An example of Sempiler input, using compile time directives

Zero Configuration

Zero configuration (ZC) is as it sounds.

A tool that maybe suitably flexible in nature, but makes opinionated assumptions to provide a default configuration for the tool, in lieu of explicitly provided parameters by the user.

When assessing whether your software can be zero configuration consider:

  • Is it possible? Can the tool infer or assume parameters given no input. Not in terms of have you built support for it yet, but in terms of it being theoretically and rationally feasible.
  • Is it useful/informed? In supporting ZC by making opinionated assumptions, is the tool actually supporting a valuable non-trivial use case
  • Is it configurable? Does the tool provide an interface to allow explicit configuration, to support scenarios that deviate from the default setup
  • Is it obvious/expected? Does the user know what assumptions the tool is making on their behalf, and particularly in the case of compilation, are those assumptions faithful to the intent of the source code
  • Is it reliable? The assumptions are deterministic, and reproducible on everyone’s machine at any time
  • Is it expensive? If the assumptions the tool makes mean it does double the work and/or takes longer to do the work, then maybe the user would rather give the tool some hints. If the compiler has to parse a file and fully explore it’s AST to perform some inference, then actually just passing an argument to the tool works better for the user!
  • Is it justifiable? The more flexible you make a tool, the more code you need to write to validate configuration parameters, and ingest them. If only 1% of your users need that flexibility, it can probably be deferred or you can provide a work around, …or those users should just conform!

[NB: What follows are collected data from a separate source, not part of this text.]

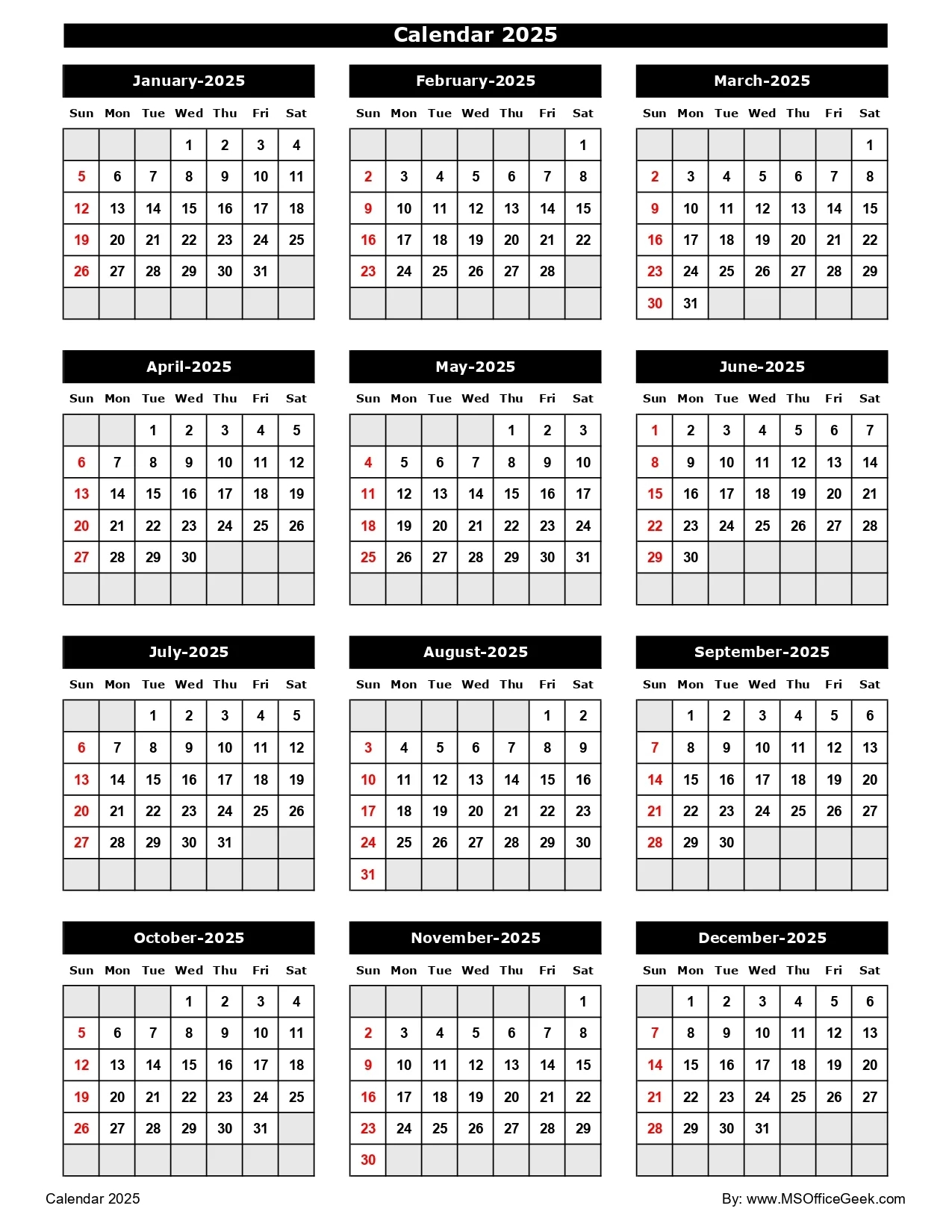 Ready To Use Printable Calendar 2025 MSOfficeGeek
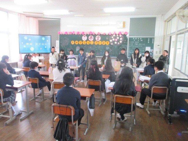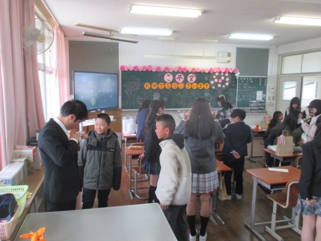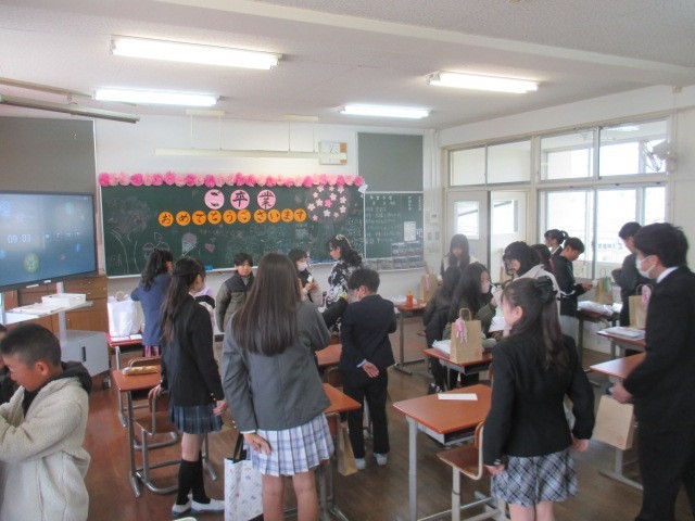 本日、卒業証書授与式が挙行され、卒業生が学文路小学校を巣立っていきました。卒業式前には5年生が卒業生にコサージュを付けに行きました。
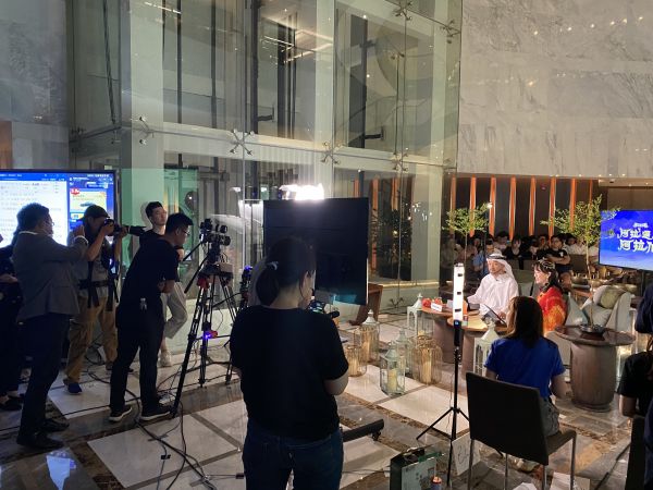 45分钟的阿联酋地区酒店播完后,梁建章和孙天旭在短短几分钟内匆匆转场,直播场景也切换到了实景的酒店大厅,接下来是上海当地的酒店、美食等产品的介绍。
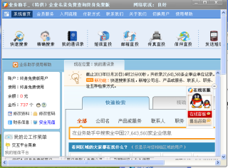 2.本产品更可与这些企业进行实时沟通联络;也是企业开拓市场的必备软件业务助手,是国内最大最精准的也是唯一的三千万级企业名录实时搜索软件。
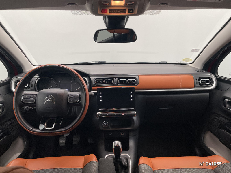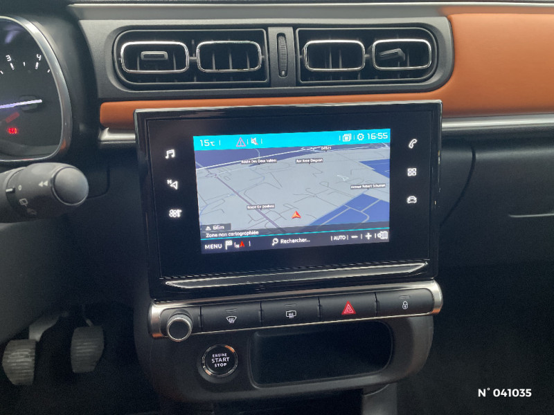 Jantes alliage 16" MATRIX diamantées / Allumage des feux de détresse en cas de forte décélération / Climatisation automatique avec fonction filtrage de l'air / Lève-vitres AR manuels / Pare-soleil avec miroir occultable côtés conducteur et passager / Système audio numérique MP3 6 HP (DAB) / Coques de rétroviseurs couleur pavillon / Elargisseurs d?ailes et bas de caisse / Feux AR à effet 3D / Accoudoirs de panneaux de portes textile avec sangle / Bandeau de planche de bord Noir Brillant avec cerclage Chrome Satin / Pack Color Noir / Pavillon bi-ton avec coques de rétroviseurs couleur pavillon et adhésifs de custodes avec motif / ABS + REF + AFU / Poignées de portes extérieures couleur caisse / Kit de dépannage provisoire de pneumatiques / Détection de sous-gonflage / Pack Visibilité / Décors extérieurs Noir Brillant / Toit bi-ton Noir Onyx / Plafonnier AV avec lecteur de carte / Sécurité enfants mécanique / Clignotants impulsionnels / Volant en croute de cuir / Pack Safety / Mirror Screen / GarnissageTissu Mica Grey / Citroën Connect Nav sur tablette tactile 7'': comprend le système de navigation TomTom, la reconnaissance vocale et durant 3 ans les services Connect Nav (inclut les services « Zones de danger », « Info Trafic », « Stations-service », « Parkings », « Météo » et « Recherche locale »)
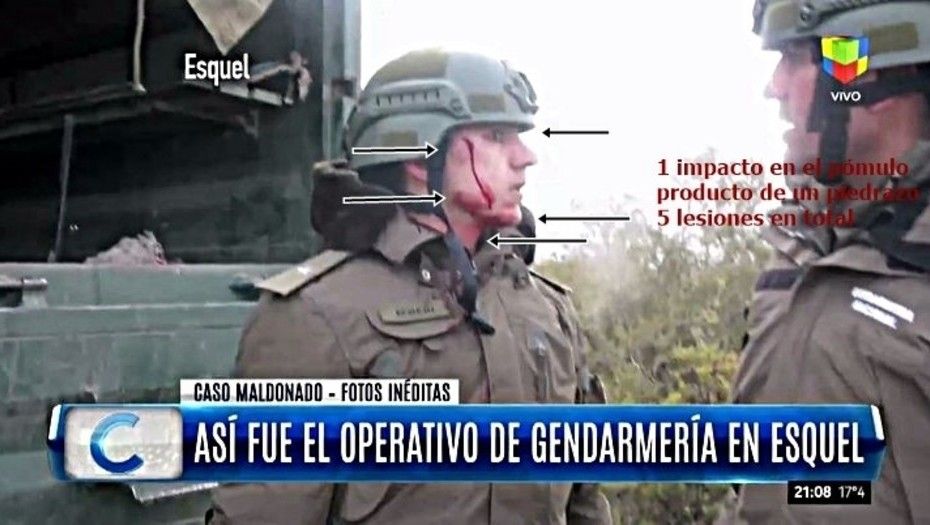 Las fotografías analizadas por Machado son tomas de la televisión que muestran al subalférez observando fijamente hacia adelante, como en estado de shock. En su rostro alcanzan a observarse cinco lesiones. Lo llamativo es que, según declaró el propio comandante del Escuadrón 36 de Esquel, Juan Pablo Escola, Echazú sólo recibió un impacto y de una sola piedra. A propósito de esto, sufrió doble fractura facial. Sin embargo, las imágenes dejan ver una herida al costado de su ojo derecho, la lesión en el pómulo –donde se generó la fractura–, por la que cae un hilo de sangre, una lesión en la mejilla, acompañada de una notoria erosión en la piel similar a un raspón, una rasgadura o arañazo en el mentón y finalmente una marca roja en su cuello que se extiende hacia atrás. Machado sospecha que todo este conjunto podría ser consecuencia de una pelea durante la cual alguien lo tomó fuertemente del cuello a Echazú.

…And maybe even more factors besides those.

Close-To-Zero Configuration

In my experience it is rare that a truly zero configuration tool is completely useful, and in Sempiler I’ve opted for a close-to-zero configuration paradigm.

For example, the compiler supports generating multiple artifacts (clients, server etc) from one codebase — So tired am I of sharing common code between myriad repositories.

That pretty much rules out ZC. Indeed, the compiler needs to know something about the artifacts you want it to generate, and cannot necessarily grok this from the source code alone.

Accordingly, below are 3 design sensibilities I am employing in search of a low friction/high value interface.

Script-ish

Generally scripts by design feel lightweight to write and run. TypeScript is a great input language for Sempiler because it feels light to write like a typical script, but beyond that it gives us useful concepts that help tremendously with accurate, x-platform native code generation — such as explicit type annotations.

Scripts can articulate the same level of complexity as a full solution or project, but in a form that (correctly or otherwise) feels compact and concise. The friction in transferring your intent to the machine is simply

  • Create file
  • Put code in file
  • Execute file

Moreover, a script is an abstract enough idea that we can use it to contain:

  • Input source code (for execution at run time)
  • Configuration code (for execution at compile time)
  • Plugin code (for execution at compile time and/or run time).

For example, if the user wants to write a consumer that ingests a compilation result, that’s just a case of authoring a script… NOT a full blown DLL (as previously proposed by yours truly. *shudder*)

Indeed the manifests and boilerplate code in solutions and projects is friction between our intent and the tool. Friction we want to avoid.

It’s not axiomatic that we need such things, nor that their absence limits capabilities.

And in writing x-platform code we need to further consider that different target platforms have different entry point conventions (a static main method, an index file etc.).

As a default assumption Sempiler will just make the file scope level code in your index file run as the entry point for the platform you are targeting. If that involves wrapping your code in a class and/or main method, so be it.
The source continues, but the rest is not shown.